Chinese AI startup DeepSeek has just announced DeepSeek-OCR, a new multi-modal AI model capable of processing a huge amount of documents at a significantly lower calculation cost.
This model can generate up to 200,000 pages of trained data per day with just one Nvidia A100 GPU, demonstrating the step forward in performance and resource optimization in AI research.
According to DeepSeek, DeepSeek-OCR takes advantage of visual perception to compress text, helping large language models (LLM) process context for longer without memory restrictions.
Instead of reading text in the usual way, the model converts text into images, then uses a visual encryption set to compile data while still keeping up to 97% of the original information.
As a result, the number oftokens that need to be processed is reduced by 7 to 20 times compared to the traditional method.
The model consists of two parts: DeepEncoder with 380 million parameters for analysis and image compression, along with a document creator with 570 million parameters, built on a three-performance MoE language model.
According to technical documents, DeepSeek-OCR has been trained with more than 30 million PDF pages in more than 100 languages, including Chinese and English, along with millions of complex chemical and pharmaceutical diagrams and formulas.
Test results show that DeepSeek-OCR is superior to existing OCR models. On OmniDocBench standards, the model only requires about 100 visual notification codes per page, significantly lower than GOT-OCR2.0 (256 token) and MinerU2.0 (more than 6,000 token/page).
On Fox standards, DeepSeek-OCR also shows the ability to concentrate and analyze dense PDF documents.
With DeepSeek-OCR, the company aims to solve one of LLM's biggest challenges: maintaining the ability to understand long-term context without consuming resources.
The announcement of the source code and model weight on open platforms such as hugging Face and GitHub also demonstrates DeepSeek's commitment to promoting transparency and cooperation in the global AI community.

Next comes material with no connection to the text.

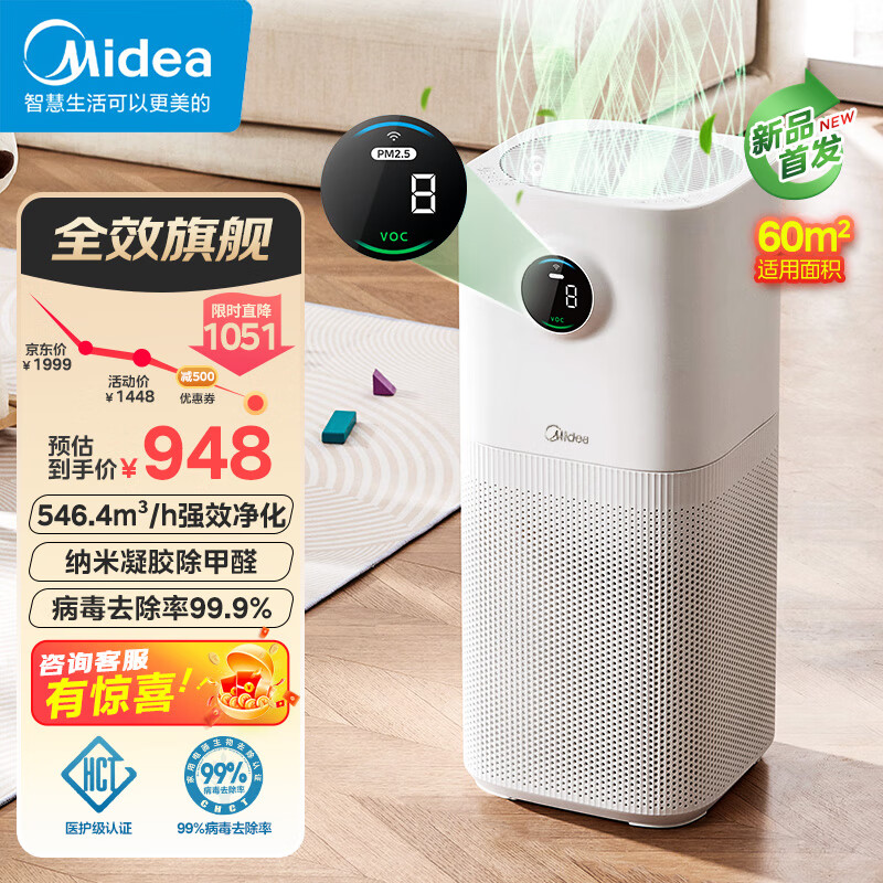美的【六重净化】空气净化器高效分解甲醛除烟味异味99.99%病菌去除率卧室专用空气消毒机KJ500G-L1价格:1999.00元!

This is not the first time DeepSeek has attracted attention. Previously, DeepSeek-V3 and R1 models were as performing as advanced systems like OpenAI's o1, but at a fraction of the cost.
However, some experts in the US still question the company's low-cost claim and development process.
Despite the controversy, DeepSeek-OCR marks an important step forward in efforts to reduce costs and increase efficiency for the AI industry, opening a new direction in combining computer vision and natural language processing.